• Supplied data:
::::::::

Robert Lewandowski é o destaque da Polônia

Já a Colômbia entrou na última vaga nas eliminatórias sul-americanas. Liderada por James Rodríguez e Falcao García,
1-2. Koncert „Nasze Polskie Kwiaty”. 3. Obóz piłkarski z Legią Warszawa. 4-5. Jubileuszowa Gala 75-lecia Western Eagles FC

::::::::

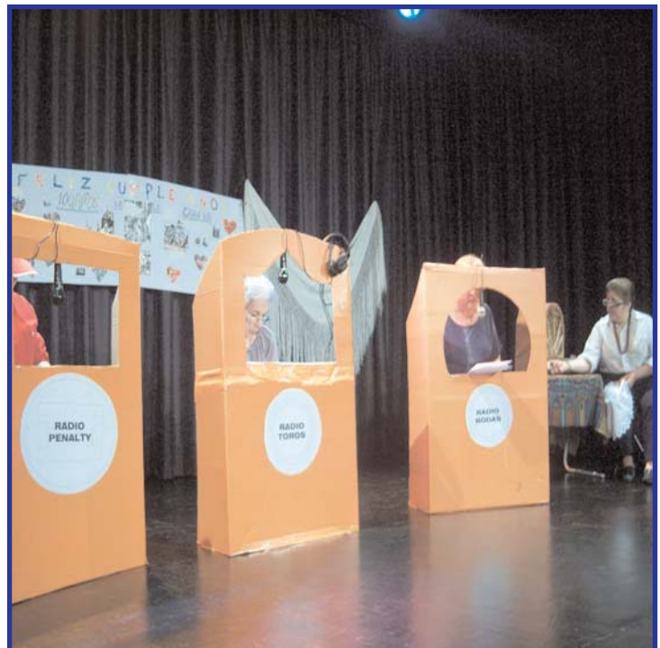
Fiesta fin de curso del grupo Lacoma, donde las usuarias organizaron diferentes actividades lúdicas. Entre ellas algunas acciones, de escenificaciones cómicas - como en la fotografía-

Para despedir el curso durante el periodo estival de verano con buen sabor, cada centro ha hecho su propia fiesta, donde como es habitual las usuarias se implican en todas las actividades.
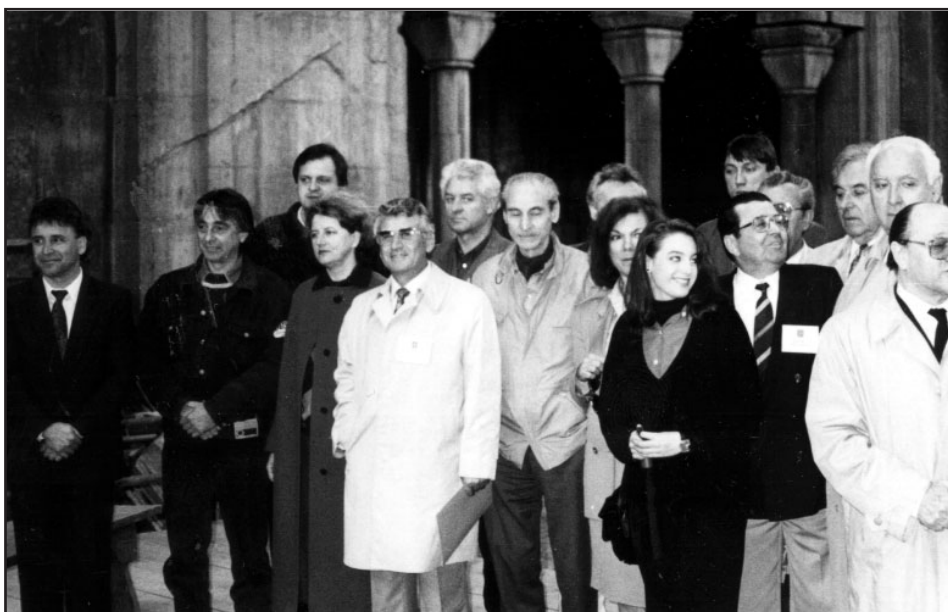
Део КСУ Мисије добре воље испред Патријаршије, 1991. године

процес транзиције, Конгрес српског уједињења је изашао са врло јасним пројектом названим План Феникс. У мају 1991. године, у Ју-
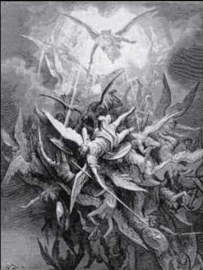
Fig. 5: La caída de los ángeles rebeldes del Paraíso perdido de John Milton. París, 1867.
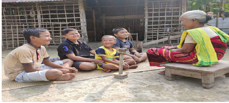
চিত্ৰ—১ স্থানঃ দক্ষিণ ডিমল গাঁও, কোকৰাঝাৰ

::::::::

• Assigned task: Copy word for word only the lines above from the one with "Fiesta fin de" through the one with "চিত্ৰ—১ স্থানঃ দক্ষিণ ডিমল গাঁও, কোকৰাঝাৰ". Leave pictures out.

• Your solution:
Fiesta fin de curso del grupo Lacoma, donde las usuarias organizaron diferentes actividades lúdicas. Entre ellas algunas acciones, de escenificaciones cómicas - como en la fotografía-

Para despedir el curso durante el periodo estival de verano con buen sabor, cada centro ha hecho su propia fiesta, donde como es habitual las usuarias se implican en todas las actividades.
Део КСУ Мисије добре воље испред Патријаршије, 1991. године

процес транзиције, Конгрес српског уједињења је изашао са врло јасним пројектом названим План Феникс. У мају 1991. године, у Ју-
Fig. 5: La caída de los ángeles rebeldes del Paraíso perdido de John Milton. París, 1867.
চিত্ৰ—১ স্থানঃ দক্ষিণ ডিমল গাঁও, কোকৰাঝাৰ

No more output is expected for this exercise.